Most people agree that the San Jose Sharks know how to draft. They’ve been a good team for ages, and the current G.M (Doug Wilson) was promoted from within after a very successful tenure as the teams’ Director of Professional Development (1997-2003). Tim Burke, the Sharks’ Director of Scouting has held that position for 12 years and has been with the team since 1992-93. Prior to that, he worked in the New Jersey Devils organization in a number of roles. Here’s a brief list of players drafted under Burke leading into the 2003 Entry Draft:
- Patrick Marleau – 2nd overall, 1997
- Brad Stuart – 3rd overall, 1998
- Jeff Jillson – 14th overall, 1999
- Marcel Goc – 20th overall, 2001
- Scott Hannan – 23rd overall, 1997
- Jonathan Cheechoo – 29th overall, 1998
- Rob Davison – 98th overall, 1998
- Christian Ehrhoff – 106th overall, 2001
- Kris Newbury – 139th overall, 2002
- Mikael Samuelsson – 145th overall, 1998
- Niko Dimitrakos – 155th overall, 1999
- Ryan Clowe – 176th overall, 2001
- Jim Fahey – 212th overall, 1998
- Mark Smith – 219th overall, 1997
- Doug Murray – 241st overall, 1999
That haul from the (mostly very weak) drafts from 1997-2002 is among the better groups taken in the league, especially given where the Sharks were picking and how many picks they had to work with. Remarkably, every player picked by San Jose in the 2001 Entry Draft went on to play in the NHL.
In any case, heading into the 2003 Draft, the Sharks held two picks in the first round – 6th and 21st overall. As Oilers’ fans are painfully aware, the 2003 draft was one of the deepest drafts ever; a very high volume of players went on to play in the NHL, many of them turning into stars.

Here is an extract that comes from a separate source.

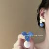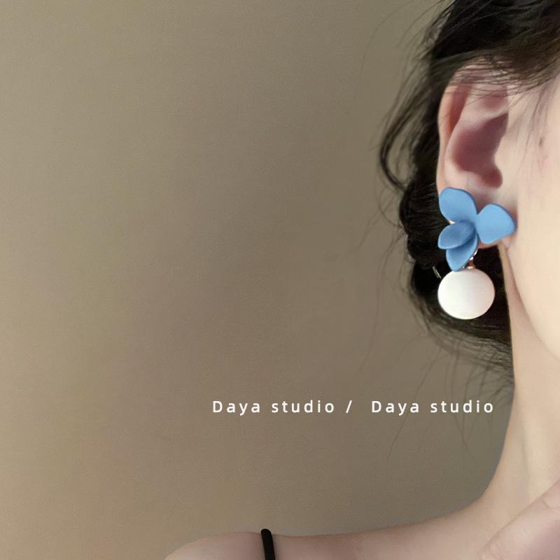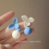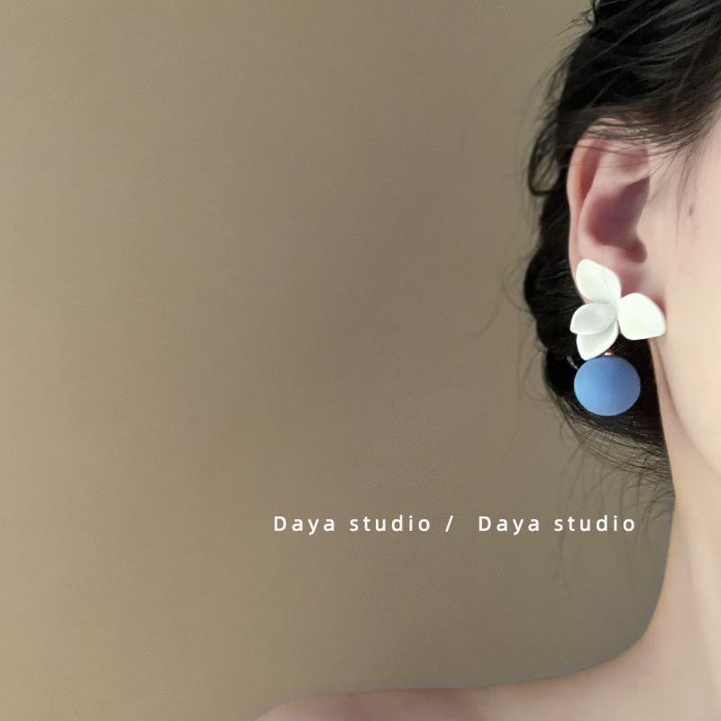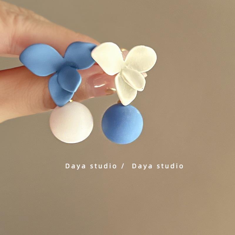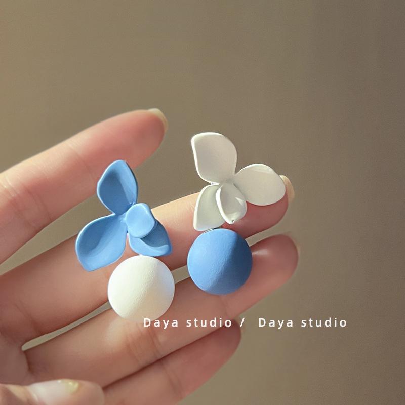 Aretes Asimétricos de Bola de Flores Contrastantes Azul Francés y Blanco Super Hada, Nicho de Alta Gama, Elegantes, Ins, Aretes Simples

The Sharks were rumoured to be targeting Austrian winger Thomas Vanek, but Buffalo snagged him with the 5th overall pick. This left the Sharks to pick Milan Michalek, ahead of players like Ryan Suter, Dion Phaneuf and Jeff Carter. Still, Michalek’s a useful player, though the pick could have been better.
The Sharks had targeted a player they felt was a budding power forward, but were concerned that he would be gone by the time the 21st overall pick came around. So they made a move, sending the 21st overall pick along with 2nd and 4th round picks to Boston for the 16th overall pick. With Zach Parise, Ryan Getzlaf, Ryan Kesler and Mike Richards still on the board, the Sharks grabbed Steve Bernier.
Bernier had just scored 100 points in the QMJHL as a 17-year old, including 49 goals; production levels that he never came close to reaching again in junior:
- 2002-03: 71GP – 49G – 52A – 101PTS, +33
- 2003-04: 66GP – 36G – 46A – 82PTS, +39
- 2004-05: 68GP – 35G – 36A – 71PTS, +18
In his draft year, Bernier recorded very low conditioning marks at the NHL Draft Combine, and on top of that his skating was below average. The Sharks ignored those question marks when they grabbed him.
Of course, Bernier hasn’t been awful at the NHL level; he had one very nice half-season with San Jose as a rookie, although he’s fallen off since then. Here are his NHL numbers:
- 2005-06: 39GP – 14G – 13A – 27PTS, +4
- 2006-07: 62GP – 15G – 16A – 31PTS, +5
- 2007-08: 76GP – 16G – 16A – 32PTS, -1
- 2008-09: 71GP – 15G – 15A – 30PTS, +4
These sorts of whiffs happen, and generally the team takes a ton of flack for making the selection they did. They’re embarrassing to the scouting department in particular, and can lead to some job losses down the line.
The Bernier selection was a worse one than the Pouliot selection. Not only was he taken five picks earlier, but he’s been healthy all through his development period, while Pouliot has suffered multiple concussions as well as hip, abdominal and wrist injuries.
None of this likely makes Oilers’ fans feel good about the Pouliot selection. But it does show that even a very good scouting department can make a bad decision early on in a deep draft.